Mayiladuthurai is connected by rail with most important towns and cities in South India. Mayiladuthurai Junction railway station is located on the Main line connecting the state capital Chennai with Thanjavur. There are lines to Tiruvarur and Karaikudi, making it one of the major junctions in the region. The Mysuru - Mayiladuthurai Express connects Kumbakonam with Mysuru and Bengaluru. There are regular express trains that connect the city with major cities in the state like Chennai, Coimbatore, Madurai and Tiruchirappalli. There are passenger trains that connect Mayiladuthurai with Thanjavur, Tiruchirapalli, Thiruvarur, Chidambaram and Viluppuram.
The Mayuranathaswami was built during the time of the Medieval Cholas and is 719 ft (219 m) long and 520 ft (160 m) wide. The gopuram, the temple gateway tower, at the eastern entrance is 164 ft (50 m) high. Within the Mayuranathaswami temple, there is a carving of a devotee of Shiva trying to cut off his own head as an offering to the God. The oldest inscriptions in the shrine date back to the reign of Kulothunga Chola I (1070–1120 CE). The temple is maintained and administered by the Thiruvaduthurai Adheenam, a South Indian monastic institution.
The Vallalar Koil or Medha Dakshinamurthy (Guru Bhagawan) Temple on the northern bank of the River houses an idol of the God Dakshinamoorthi mounted on a Nandhi. There is another idol of Nandhi at the Thula bathing ghat on the Cauvery River. Near by is Sri Kasi Viswanathaswami Temple on the southern bank of the river.
The Punukeeswarar Temple and Aiyaarappar Temple at Koranad, Mayiladuthurai are another important ancient Shiva temples in Mayiladuthurai. Anandathandavapuram Panchavatiswarar Shiva Temple is located 5 km (3.1 mi) from Mayiladuthurai.
The prominent Vaishnava temples in the town are Parimala Rangnathar Vishnu temple of lord Vishnu at Thiruvilandur on the northern banks of the Cauvery, a Divya desam and a Pancha rangam and Kolikutti Vanamutti Perumal temple.
Dharmapuram Adeenam Mutt with ancient temples of Dharmapureswarar, Gnanapureeswarar, Ashta Dasapuja Durgadevi and Vana Durgadevi is located in the eastern suburb.

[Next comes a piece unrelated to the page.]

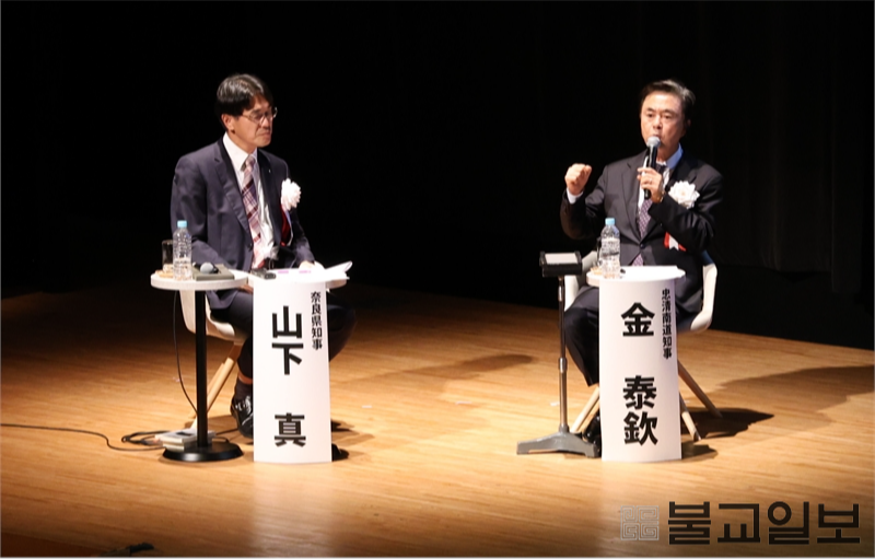 이어 열린 대담에서는 야마시타 지사가 좌장을 맡고, 김태흠 지사와 정재윤 교수, 일본 작가 하세 세이슈, 센다 미노루 나라현국립도서정보관장이 참여해 일본 고대 율령제와 도시 제도 속 백제계 도래인의 역할을 심층 논의했다.

All the Hindu holy rivers in India are believed to converge in Mayiladuthurai every year on New moon day in the Tamil month of Aippasi (November–December). A bathe at the bathing ghats on the banks of the river Cauvery on this day, according to Hindu belief, relieves a man of all his sins and misdeeds as the waters of the holy Ganges river mix with the Cavery on this day. Other important festivals celebrated at the temple are Navarathri, Adi Pooram, Avani Moolam, Karthigai Deepam and Vaikashi Brahmavotsavam  An yearly dance festival called the Mayura Natyanjali is conducted within the precincts of the Mayuranathaswami Temple by the Saptasvarangal Trust during Maha Shivaratri on the pattern of the Chidambaram Natyanjali festival.
The town is considered the gateway to the Navagraha temple, the nine temples associated with planetary deities. The Periya Pallivasal mosque and TELC Church are other prominent worship places in the town. Tharangambadi, Pichavaram mangrove forest, Tirumullaivasal, Palaiyar and Karaikkal are the most prominent tourist attractions located around the town.